Bazı yapıtlarında kamuflaj deseni görüyoruz. Bu politik bir mesaj mı?
Kamufle edilmiş, sinsice işleyen bir düzen var. Birileri seni devamlı gözetliyor ve kontrol ediyor. Farkında olmasan da.
Özgürlük de bir tür yanılsama. Havuz, açık deniz gibi değil sonuçta. Sınırları belli. Peki ya dönme dolap?
Her şey çok güzel ve yolunda! Lunaparktayız! Benim için grotesk tam da burada ortaya çıkıyor. Dönme dolap eğlenceli gibi görünür ama bir süre sonra başın döner ve uyuşmaya başlarsın. O kadar çok dönüyorsun ki, artık gerçeği göremez oluyorsun.
Saghar Daeiri, Utopian Selfie, Kağıt üzerine suluboya, akrilik ve kuru boya, 102 x 73 cm, 2019
Bu dünyada arzuladıklarımızı başka bir dünyaya erteleme halimiz de o ütopyayı bu dünyanın dinamikleriyle kirletmemizden kaynaklanıyor sanki.
Tamamen öyle. Ütopya kavramını bir önceki sergimde de incelemiştim. Ama bu sergide ilginç bir şey oldu; genellikle serginin başlığını sergiyi hazırladıktan sonra koyarım ama bu kez önce başlığını belirledim ve ardından üretmeye başladım. Bu başlıkla vaat edilen o cenneti yanlış anladığımızı vurgulamaya çalışıyorum. Yut, Öp, Yan diye anlamışız. O vaat önce seni öpüp kandırıyor; sonra da yutuyor. Aslında distopik bir hayat bu; gerçeği unutup cennete yatırım yaparak geçirdiğimiz bir hayat.
Bize vaat edilen cennet bile aslında dayatılmış bir ütopya: “Bunu arzulamak zorundasın ve bunu beğenmen gerekiyor.”
Empoze edilmiş bir cennet kavramı zaten tüm inanç sistemlerinde var.
Saghar Daeiri, Labirent, Kağıt üzerine suluboya, akrilikve kuru boya, 107 x 127 cm, 2019
Huriler de bu distopyanın birilerine vaat edilenleri, peşkeş çekilenleri olarak karşımıza çıkıyor.
Bu huri meselesi üzerine gerçekten çok düşündüm ve okudum. Madem cennetin böylesine önemli bir temsilcisi, neden gerçek hayatta kendisi bu cenneti yaşayamıyor?
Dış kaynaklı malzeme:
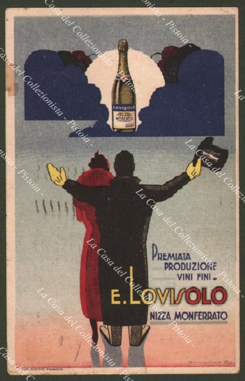 Nizza Monferrato. PREMIATA PRODUZIONE VINI FINI E. LOVISOLO. Cartolina viaggiata nel 1938, Lit. Doyen di Torino. Una macchietta bruna laterale due angoli con pieghetta. (Rif.D8989)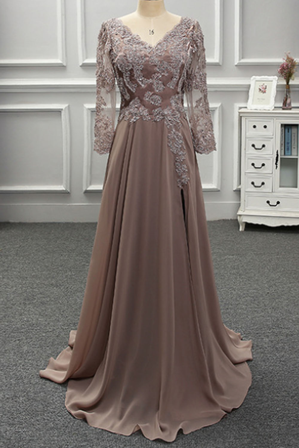 A-Line Chiffon and Lace Long Mother of the Bride Dresses 702214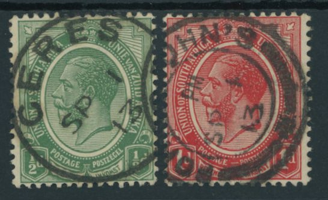 ½d. green and 1d. scarlet, both with first day of use cancellations of 1st September 1913; fine and rare. P.F.S.A. Certificate (1958) for the 1d.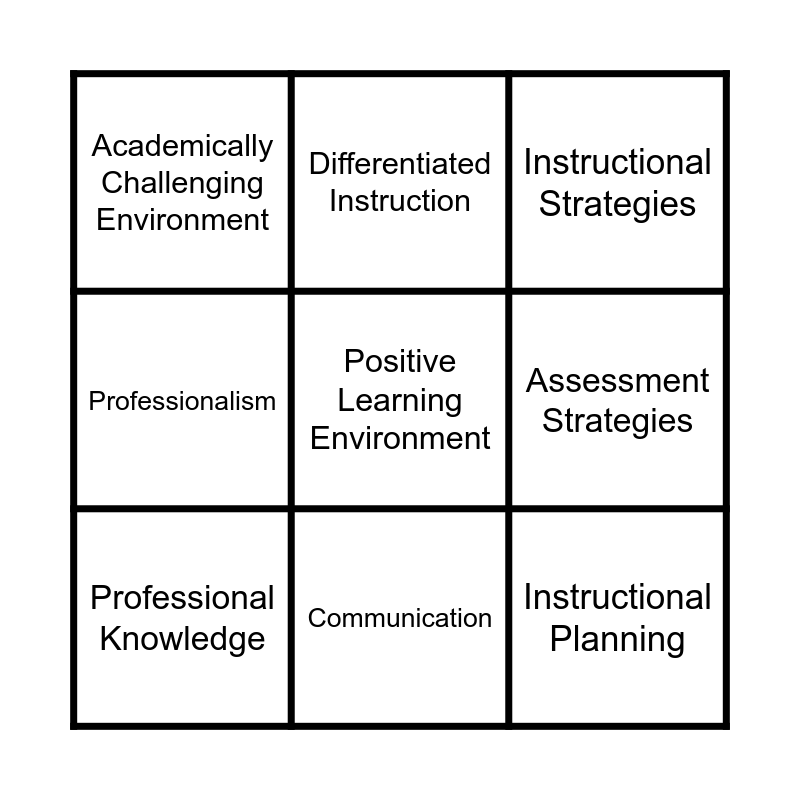 This bingo card has a free space and 9 words: Professional Knowledge, Instructional Strategies, Differentiated Instruction, Professionalism, Academically Challenging Environment, Assessment Strategies, Instructional Planning, Assessment Uses and Communication.
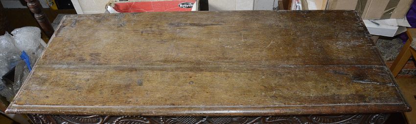 Condition: The coffer is in poor condition commensurate with age with loose broken base requiring some restoration, some scratches, marks and losses to the planks of the top, some shrinkage to the joints, the hinges are also possibly later replacements.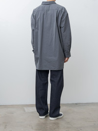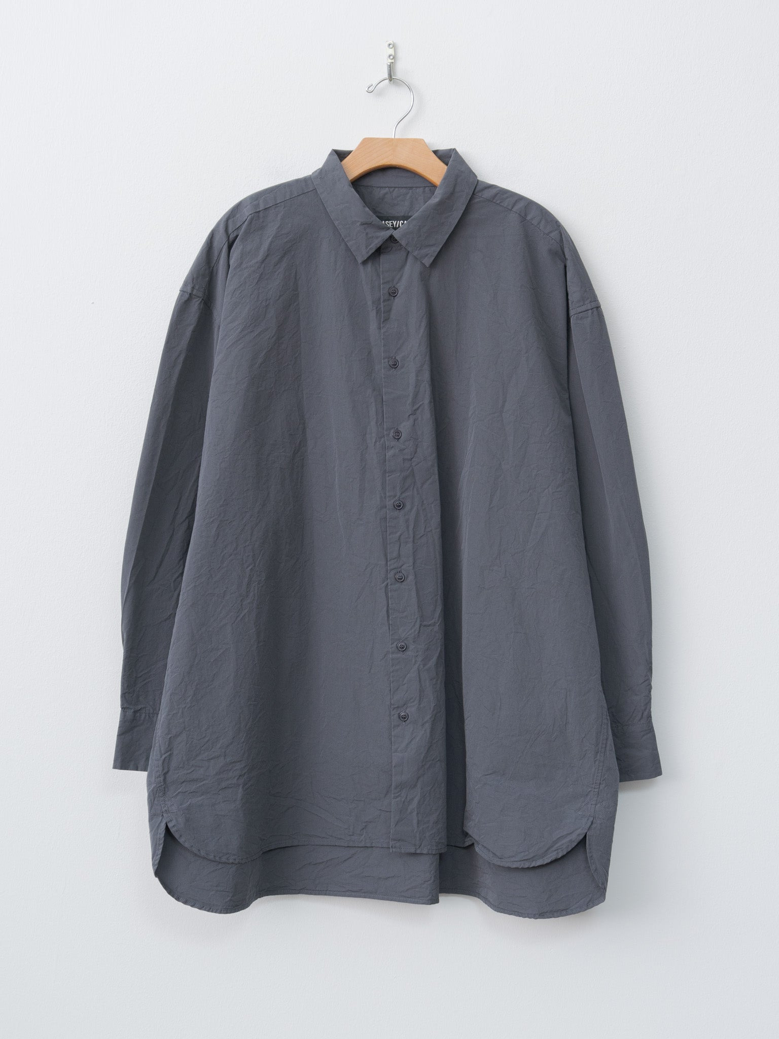 The Hamnet is an oversized shirt from Casey Casey made with a smooth, lightweight paper cotton with a washed finish. It features an effortless drape with a sweeping curved hem with an extended back, dropped shoulders, buttoned cuffs, a regular collar and tonal corozo buttons. - Made in France - 100% Cotton - Available in Beige, Blu Skull (gray) - The model is 6'1"/185cm and wears size M - We recommend sizing down for a more regular fit

Bundan sonraki adımın ne olacak?
Bu soruyu tamamladığım her sergiden sonra kendime soruyorum ve bir ikileme düşüyorum. Önceden eskiz yapmadığım ve kendimi belirgin bir çerçeveyle sınırlandırmadığım için ilk başta ne yapacağıma dair tam olarak fikrim olmuyor genelde. Ama ütopya kavramını incelemeye devam edeceğim gibi görünüyor; çünkü bu konu benim için henüz bitmiş değil.